• _Material provided_
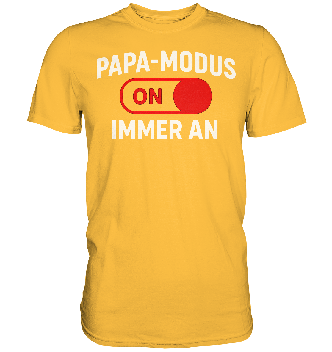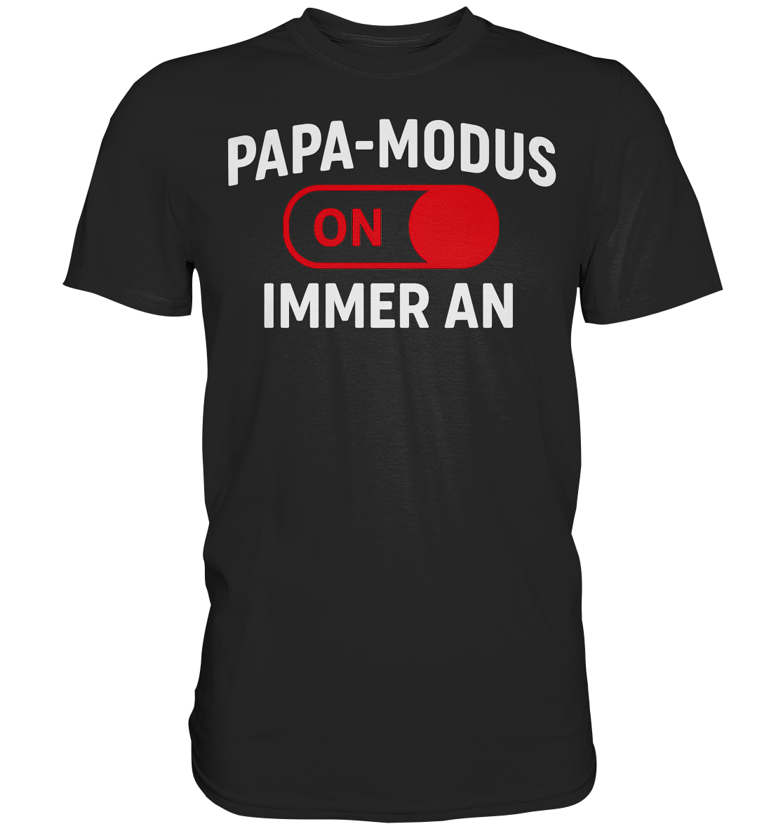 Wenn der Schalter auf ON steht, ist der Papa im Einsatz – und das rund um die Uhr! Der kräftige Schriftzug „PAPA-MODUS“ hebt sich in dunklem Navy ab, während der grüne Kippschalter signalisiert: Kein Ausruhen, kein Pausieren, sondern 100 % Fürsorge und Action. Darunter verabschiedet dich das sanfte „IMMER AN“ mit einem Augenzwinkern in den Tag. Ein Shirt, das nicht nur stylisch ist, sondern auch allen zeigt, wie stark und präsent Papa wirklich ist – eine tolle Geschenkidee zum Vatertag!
==
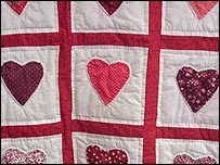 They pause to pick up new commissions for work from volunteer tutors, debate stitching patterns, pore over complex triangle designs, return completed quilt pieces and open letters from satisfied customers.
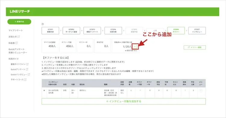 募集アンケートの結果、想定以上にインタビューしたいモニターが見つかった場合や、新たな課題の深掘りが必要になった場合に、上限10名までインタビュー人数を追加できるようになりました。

• _Instructions for the task_
Set down word for word the lines above from the one with "They pause to" up to and including the one with "募集アンケートの結果、想定以". Omit every picture.

• _Response_
 They pause to pick up new commissions for work from volunteer tutors, debate stitching patterns, pore over complex triangle designs, return completed quilt pieces and open letters from satisfied customers.
 募集アンケートの結果、想定以上にインタビューしたいモニターが見つかった場合や、新たな課題の深掘りが必要になった場合に、上限10名までインタビュー人数を追加できるようになりました。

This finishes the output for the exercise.